Monument in Atlanta, Georgia, US

Atlanta from the Ashes, more commonly known as The Phoenix, is a bronze monument located in Atlanta, Georgia, United States, symbolizing Atlanta's rise from the ashes of the Civil War to become a world city. The sculpture, dedicated in 1969, depicts a woman being lifted from flames by a phoenix, in reference to the phoenix of Greco-Roman mythology that was consumed by fire and rose from the ashes, just as Atlanta rose from the ashes after the city's infrastructure was burned by William T. Sherman's Union Army during the Civil War in the Atlanta campaign and the March to the Sea. The female figure has long hair and is seen nude above the waist, looking upward. In her raised arms she holds the legs of a gilded phoenix. The sculpture is mounted on a rectangular base. The monument is located in Woodruff Park, located in Downtown Atlanta.

The monument was a gift of the Rich Foundation in commemoration of the 100th anniversary of Rich's Department store.
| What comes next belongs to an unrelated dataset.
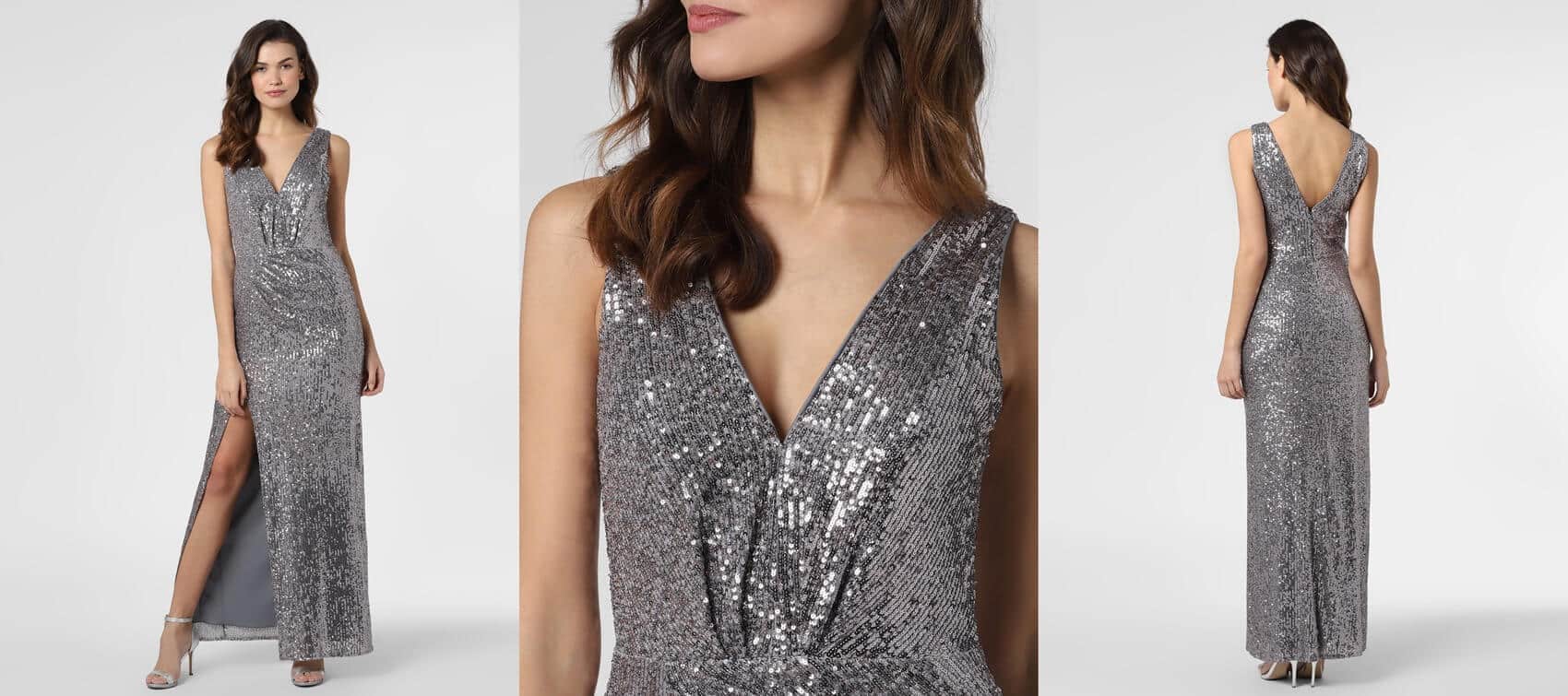 Następną błyszczącym wyborem jest sukienka wieczorowa od Marie Lund. Dopasowany krój, piękne marszczenie w okolicy talii, długość maxi i zmysłowe rozcięcie. Doskonale podkreśli kobiece kształty klepsydry. Cena: 799,95 zł

The sculpture was designed by James Seigler, of Houston, Texas, but it was both sculpted and fabricated in Italy, by Gamba Quirino, and Feruccia Vezzoni, respectively. The monument was originally located on a viaduct adjacent to the first Rich's Department store on Martin Luther King Jr. Drive at Spring Street from 1969 to 1995. In 1995, the sculpture was restored and moved to its current location in Woodruff Park.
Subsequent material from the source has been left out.